While there is no single solution, several strategies can ease the challenge.

The question is straightforward: In the wake of the pandemic, can we reopen schools this fall in a manner that will benefit students and enable optimal learning and psychosocial development? The simple answer to this complex question is “yes.” The much more difficult question is how to define the parameters for success.

The pandemic has had a wide and deep impact on our schools and social service agencies. Besides the untold deaths, there have been food and job shortages, homelessness, an increase in family dysfunction, including drug and alcohol use and abusive behavior. Schools have closed and reopened, whether to provide online, hybrid, or in-person learning.

But not just the pandemic has affected our students, teachers, school counselors, and school-based social workers. Over the past 18 months, there has also been unspeakable violence, most notably a swath of mass shootings and police shootings of unarmed minorities. In addition, there was a raid on the Capitol that resulted in injury and death.

Racial and ethnic discrimination has also been at the forefront, including in terms of how the pandemic has disproportionately affected minority populations.

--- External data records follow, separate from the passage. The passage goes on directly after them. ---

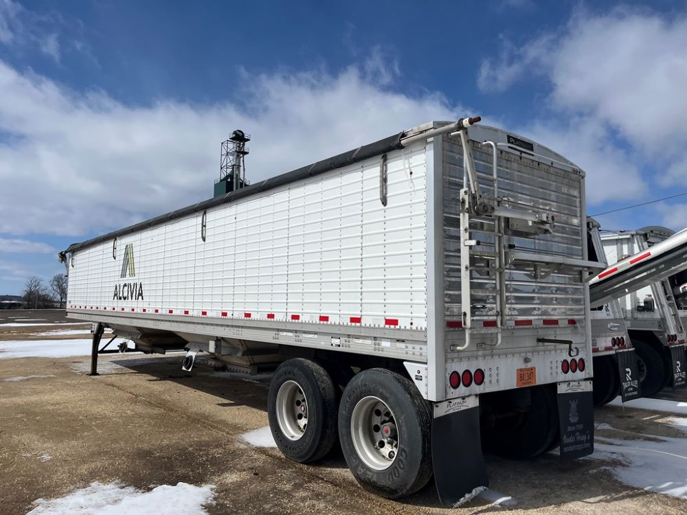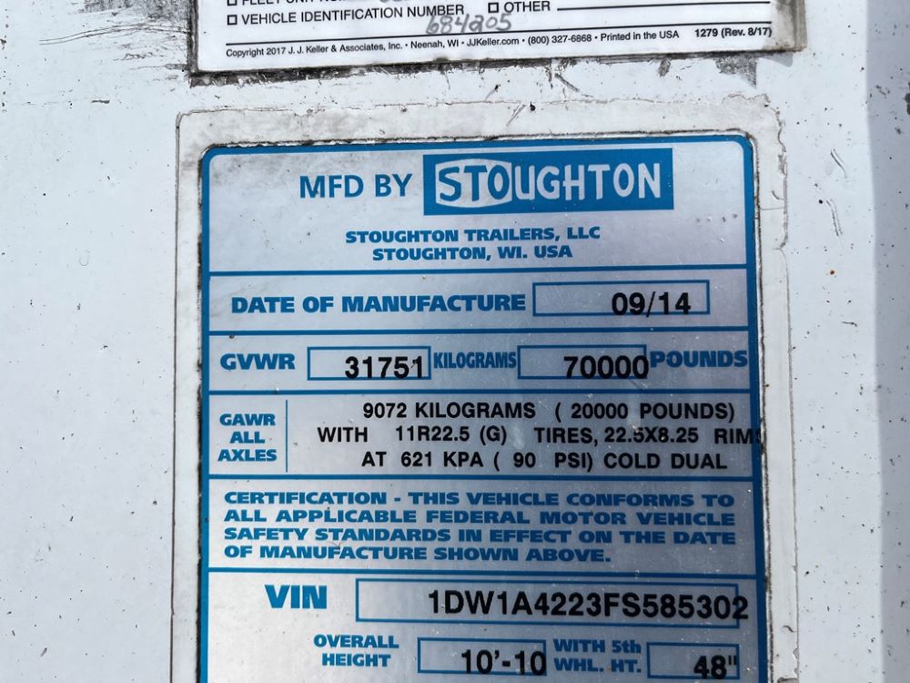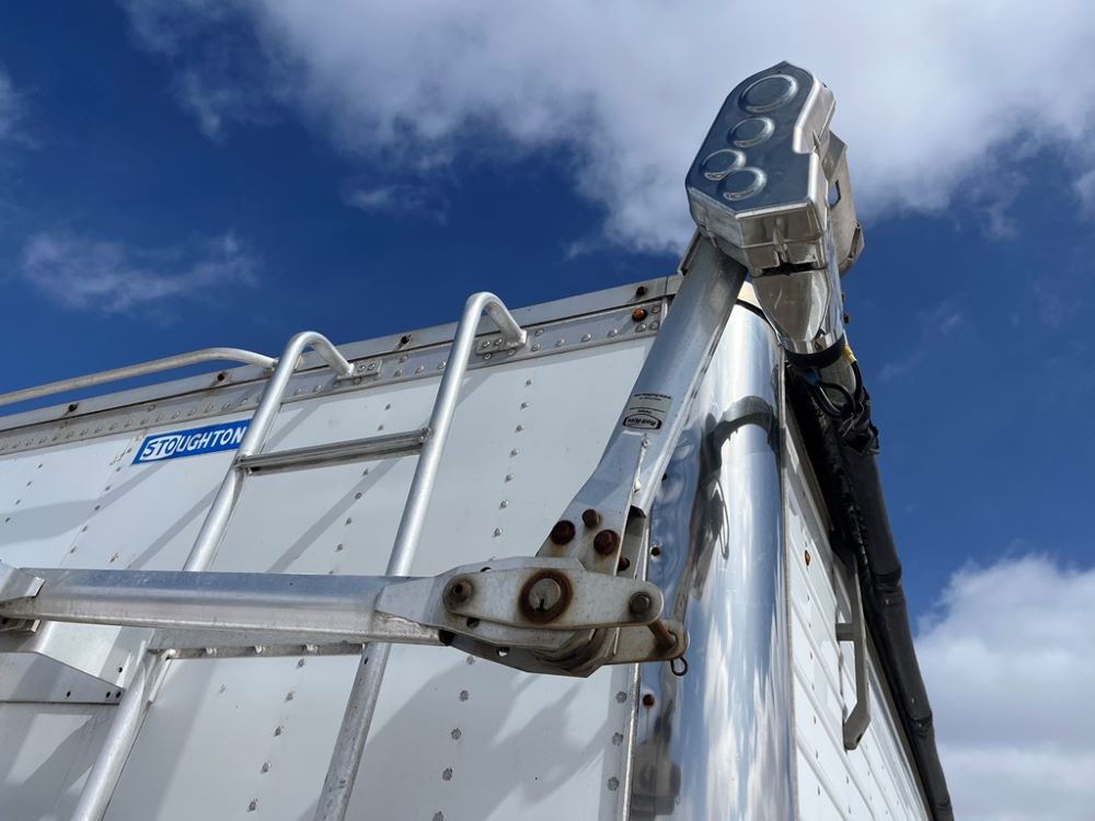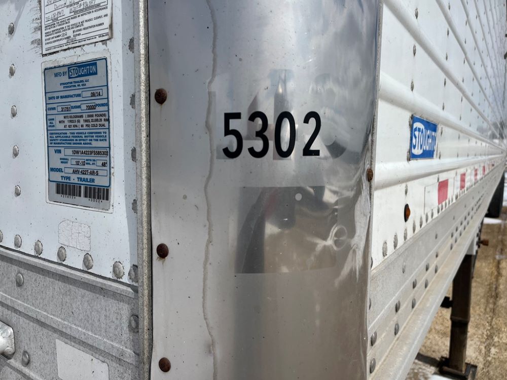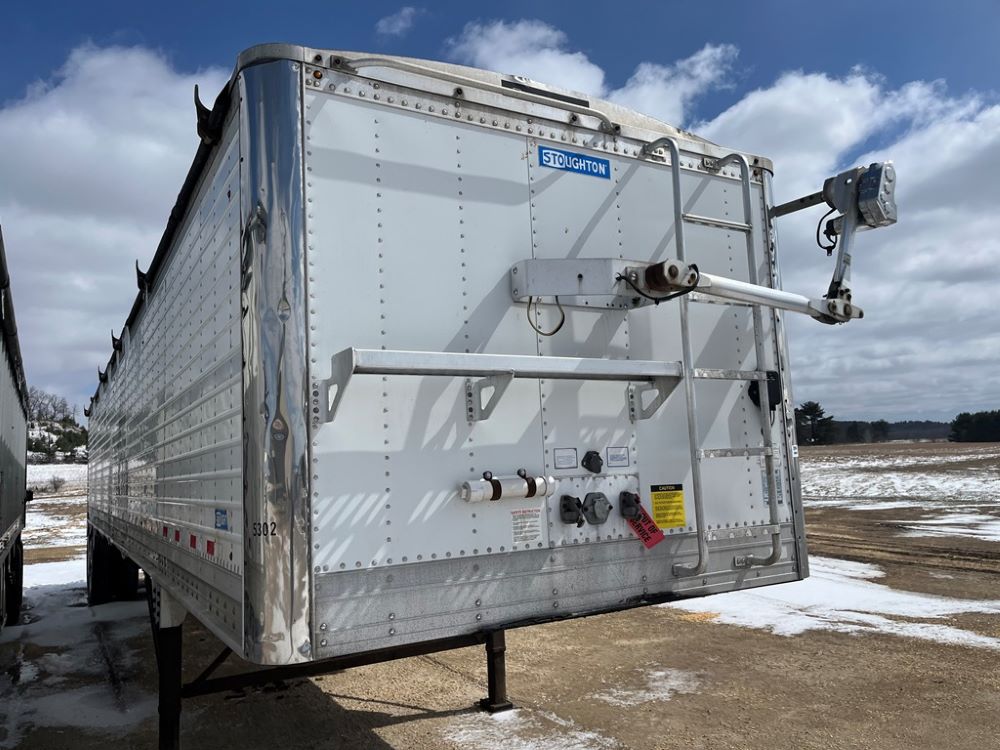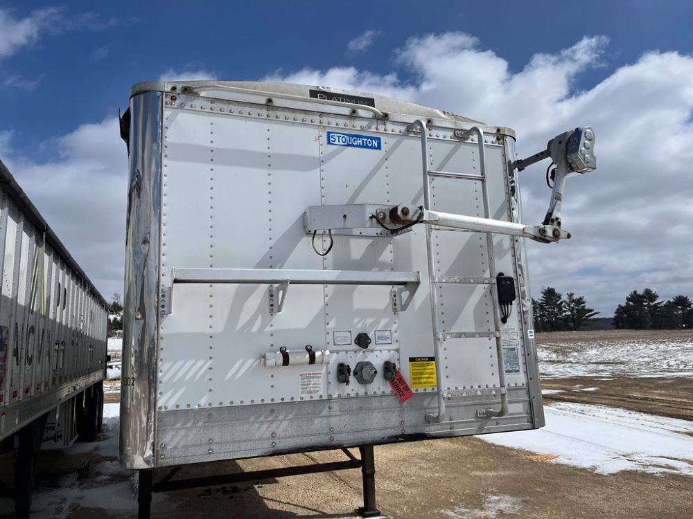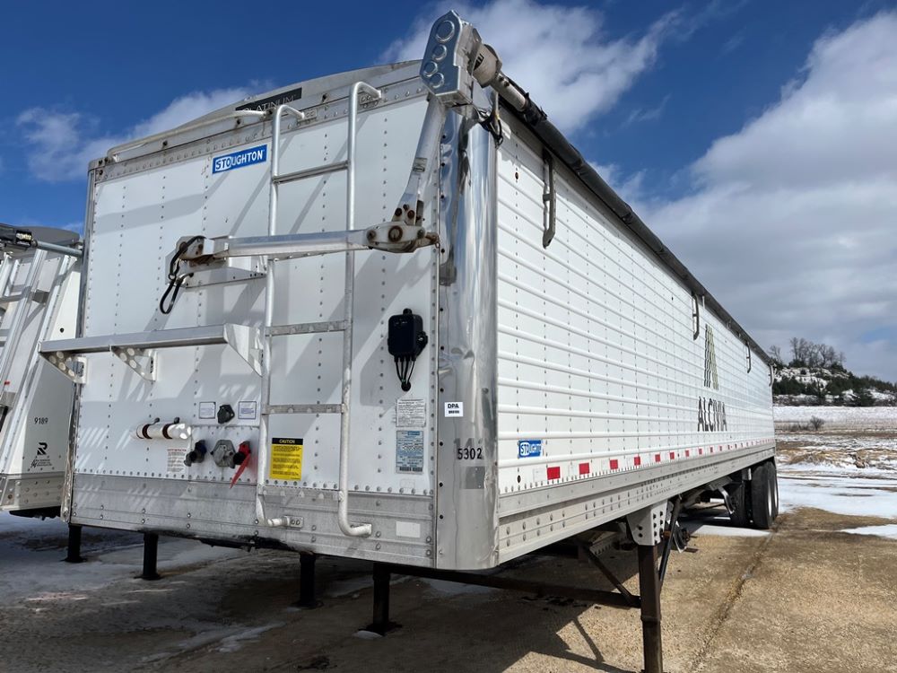 2015 Stoughton Hopper Trailer (DR8100 Unit 5302), aluminum grain hopper trailer, 66'' sides, electric roll over tarp, ag hoppers, air ride suspension, tandem axle, 22.5 tires, all aluminum wheels.
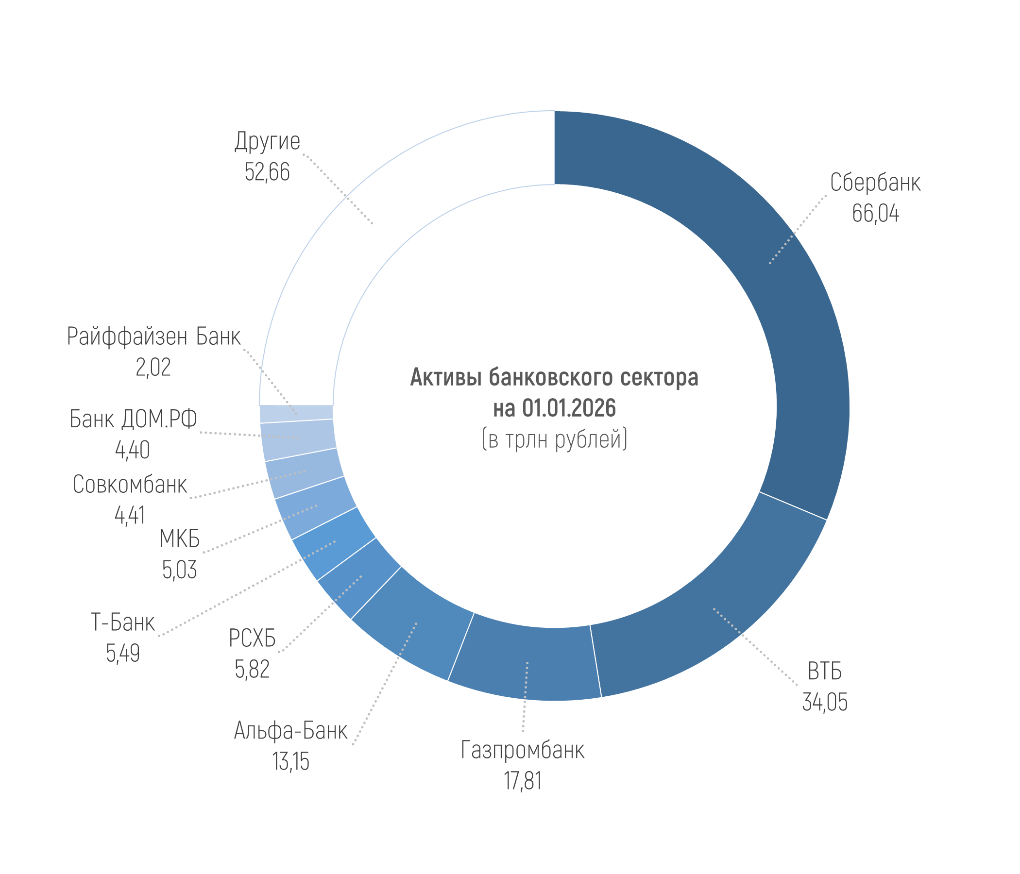 По данным материала ЦБ о развитии банковского сектора, активы российских кредитных организаций составили 210,87 трлн рублей на 01.01.2026, увеличившись на 0,9%, или на 1,96 трлн рублей в декабре 2025 года. Рост активов за 2025 год составил 5,8%, или 11,6 трлн рублей.
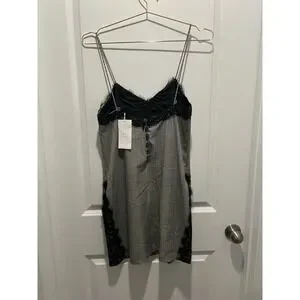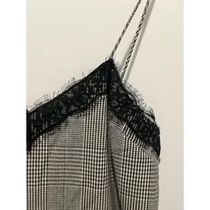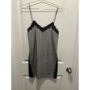 Zara Trafaluc Houndstooth Lace Trim Slip Mini Dress NWT Sz S
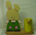 かねしんのレンタルボックスを利用して、トールペイントの販売をしています。展示している作品が売れればいいと考えていたのですが、平成21年の12月にお店を訪ねた方から特別な注文がありました。その方は「鉛筆立て4個」「キッチンペーパーホルダー4個」、そして「かっぱのペイント」でした。かっぱは伝説上の動物ですから、どんな姿にするか迷いました。指定された図案はなく、大きさだけを希望されました。最初はインターネットでかっぱを調べましたが、お気に入りの姿はありませんでした。そこで息子にデザインを依頼して、それを切り出しやすい形にしました。
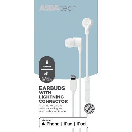 ASDA Tech Lightning Connector Earphones White Compare Prices & Where To Buy Trolley.co.uk
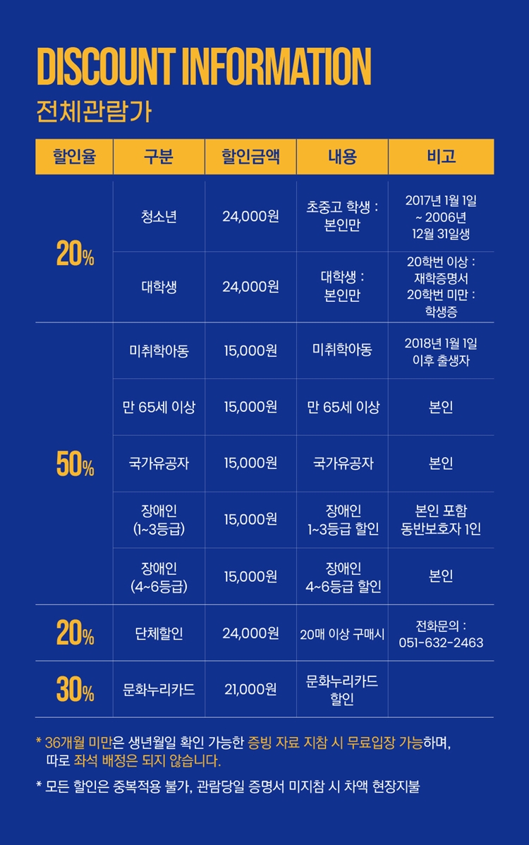 - 관람일 2일전 ~ 취소기한까지: 티켓금액의 30%
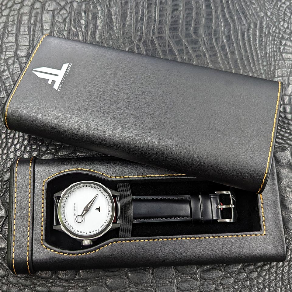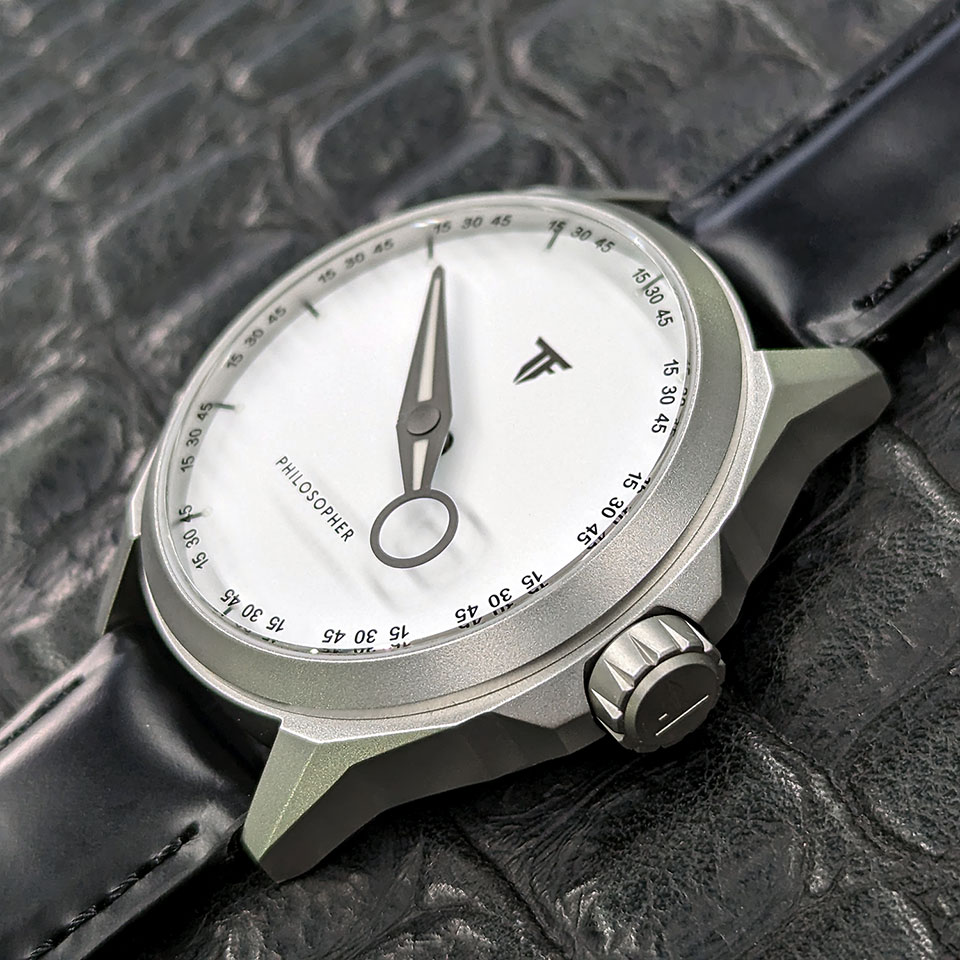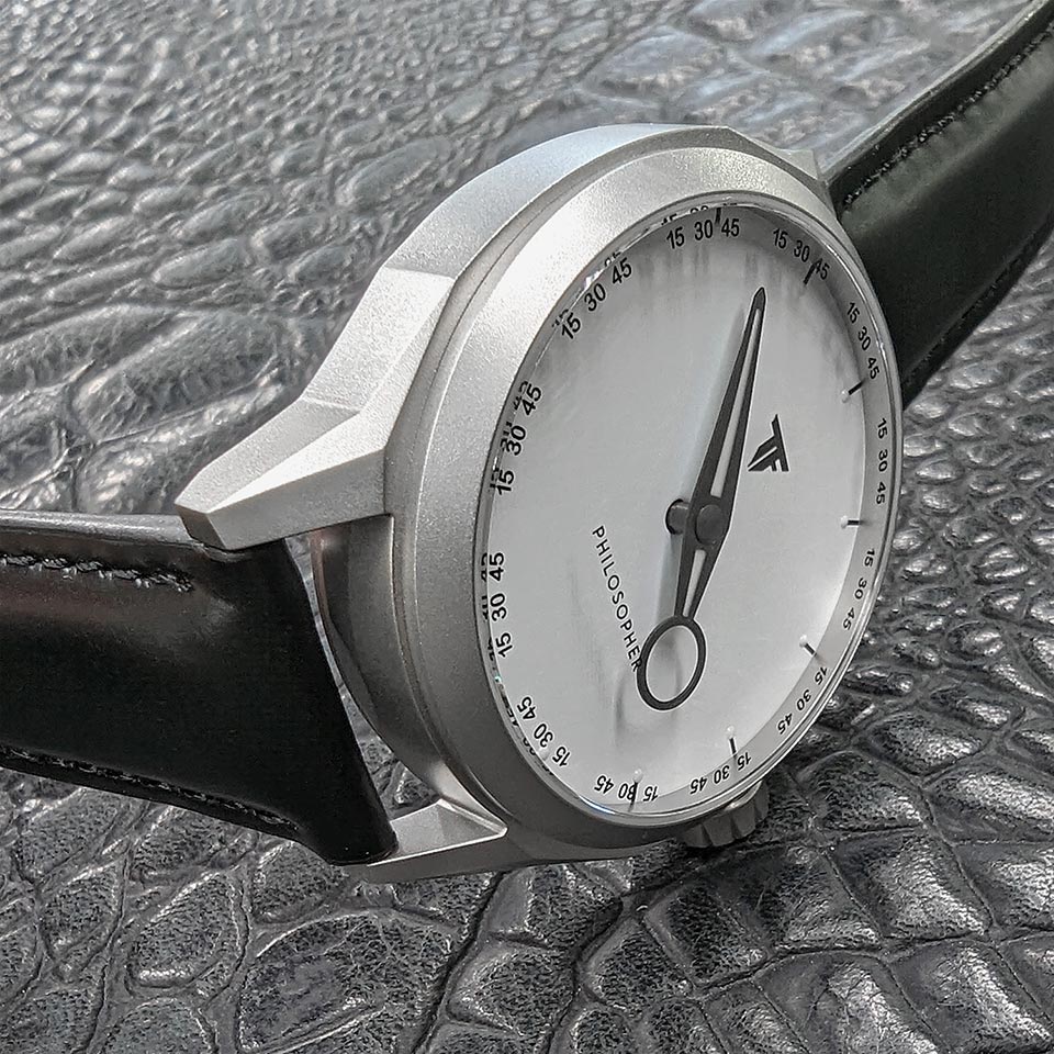 「フィロソファー」は、時間という概念を改めて考えさせ、見る者に知的遊戯を提案します。これは、ひたすら効率化が求められる現代社会において、ハイブランドからスモールブランドまで、多機能なクロノグラフウォッチが主流となっている腕時計市場に、あえて異彩を放つものです。こうしたモデルを大胆に打ち出すことが、トリフォグリオの持つ感性であり、哲学=フィロソフィーといえるでしょう。
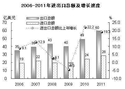 据海关统计,2011年全市进出口总额87.88亿美元,比上年增长19.3%。其中,进口总额28.35亿美元,增长16.6%;出口总额59.54亿美元,增长20.7%。在出口总额中,一般贸易出口43.80亿美元,增长22.6%;加工贸易出口15.56亿美元,增长15.5%。从经济类型看,国有企业出口3.36亿美元,增长9.0%;集体企业出口1.38亿美元,增长10.6%;外商投资企业出口22.83亿美元,增长10.1%;私营企业出口31.61亿美元,增长32.1%。从出口商品看,机电产品出口14.71亿美元,增长14.6%;服装出口14.21亿美元,增长21.4%;玩具出口8.64亿美元,增长29.5%;塑料制品出口2.51亿美元,增长38.6%;高新技术产品出口3.83亿美元,增长8.5%。从进出口的国家与地区看,进出口总额靠前的有:美国、香港、日本和台湾,分别为12.06亿美元、10.54亿美元、6.77亿美元和2.98亿美元,合计进出口额占全市总计的36.8%,同比下降2.5个百分点。
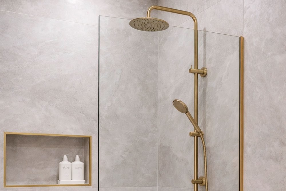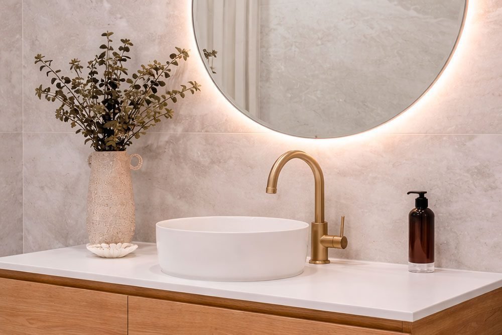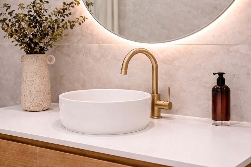 Detalles de Lujo Moderno: El punto focal de la estancia es la grifería en tonos dorados. Su diseño de líneas modernas aporta un toque de tendencia y exclusividad, rompiendo con la sobriedad del neutro para inyectar una dosis de calidez y elegancia.
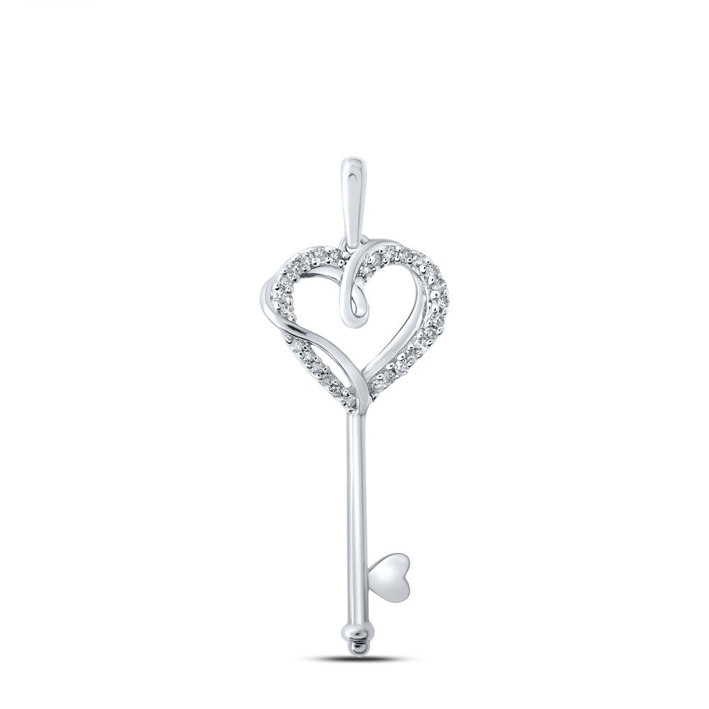 Romantic Heart Key Diamond Pendant in 10kt White Gold by Splendid Jewellery Top view from the 10Kt White Gold Womens Round Diamond Heart Key Pendant 1 12 Cttwpin214000 collection by Splendid Jewellery
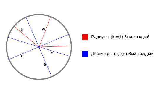 Начерти окружность,радиус которой 3 см.Проведи по 3 радиуса и по 3 диаметра,обозначь буквами и запиши их длины
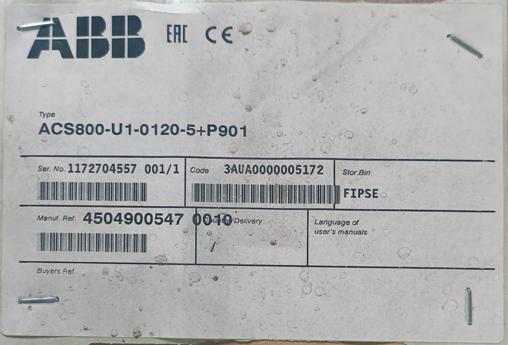 HomeABB | ACS800-U1-0120-5 +P901 | 90 KW | 120 HP | 155 A | NEW OPEN BOX, FAST SHIP
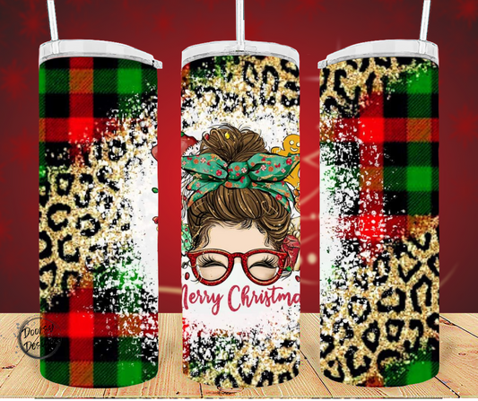 Messy Bun Merry Christmas 20oz Sublimation Tumbler Cup

It is in this context that we will be reopening our public schools in the fall.

Trauma’s Impact
Prior to the pandemic, many individuals had experienced trauma. Indeed, the data show that approximately 50% of all children and 65% to 70% of all adults have had at least one traumatic event in their lives. Given the pandemic and the disheartening social events occurring in that same time frame, it can be expected that the vast majority of children and adults have been traumatized over the past 18 months. In a recent online course at Rutgers Graduate School of Social Work, trauma researcher and author of The Body Keeps the Score Bessel van der Kolk, MD, observed that while the pandemic is not traumatic per se, its impact on families, communities, workplaces, and schools often produces trauma symptomology.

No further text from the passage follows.